If Boeing had paired its own in-house designs with outsourcing of manufacturing, the 787 would have been an innovative success. Rather, the lack of design input, guidance, communication, and collaboration with their suppliers lead to countless technical problems and delays with development and production. My recommendations to Boeing for future improvements are issue prevention, inclusive supplier-customer relationships, and overall design leadership.

Preventing problems by fostering mutual communicative relationships with suppliers would have saved Boeing time, effort, and money. A diverse and responsible management team should have included a Supply Chain Risk Management expert and more involvement in the process of development and production. Only then would outsourcing be viable.

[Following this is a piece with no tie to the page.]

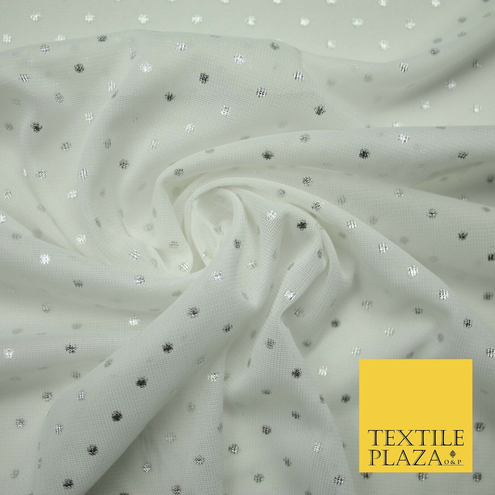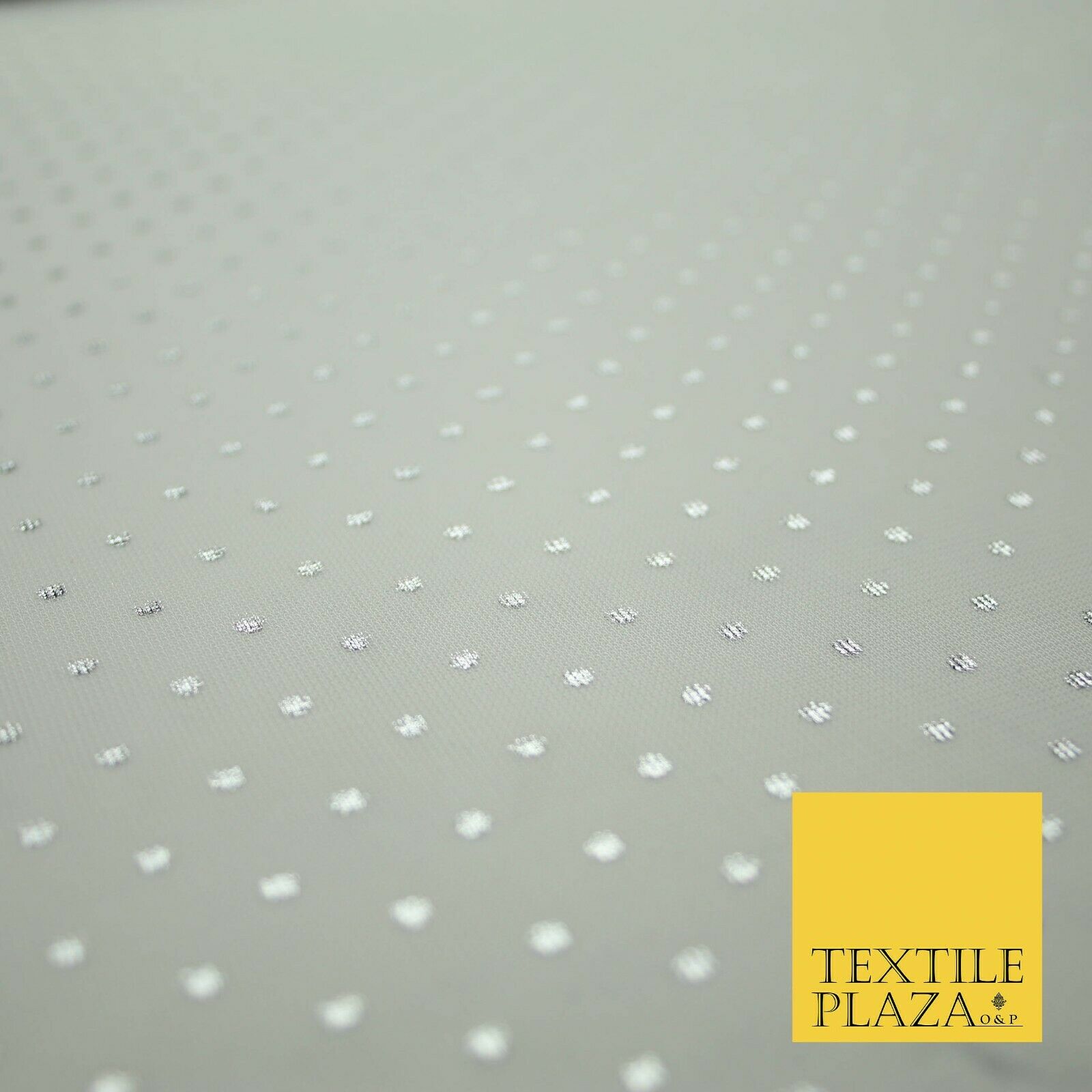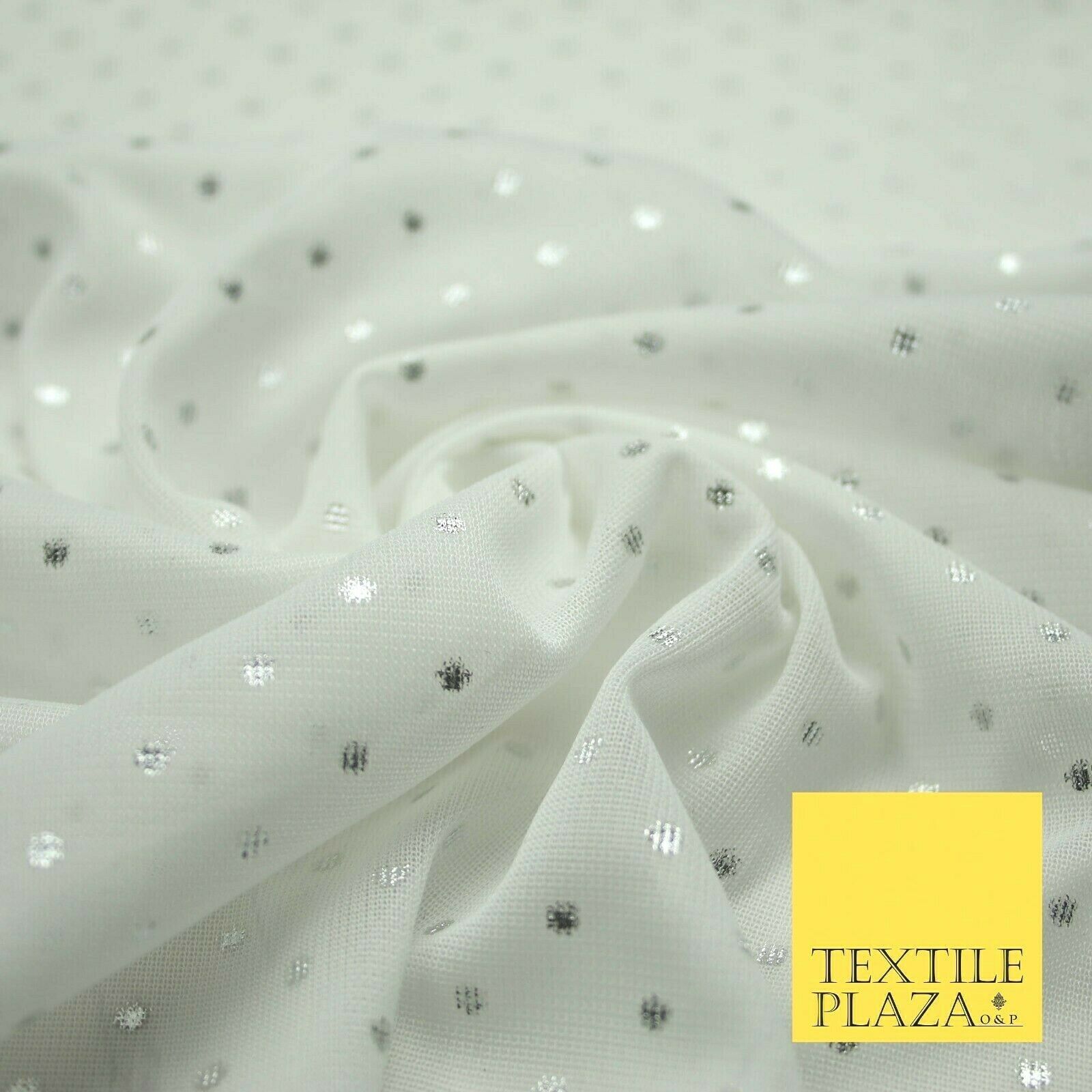 Off White Metallic Silver Spot Dot Mesh Jersey 2 Way Stretch Dress Fabric 4327

Instead of “[reducing] the 787′s development time from six to four years and development cost from $10 to $6 billion4, as Boeing so proudly trumpeted, outsourcing proved to be the proverbial Achilles’ Heel. The decision to outsource engineering design for such a complex and precise machine was a problem waiting to happen, and should have been prevented from the onset. Penny-wise, pound-foolish was the name of Boeing’s game then.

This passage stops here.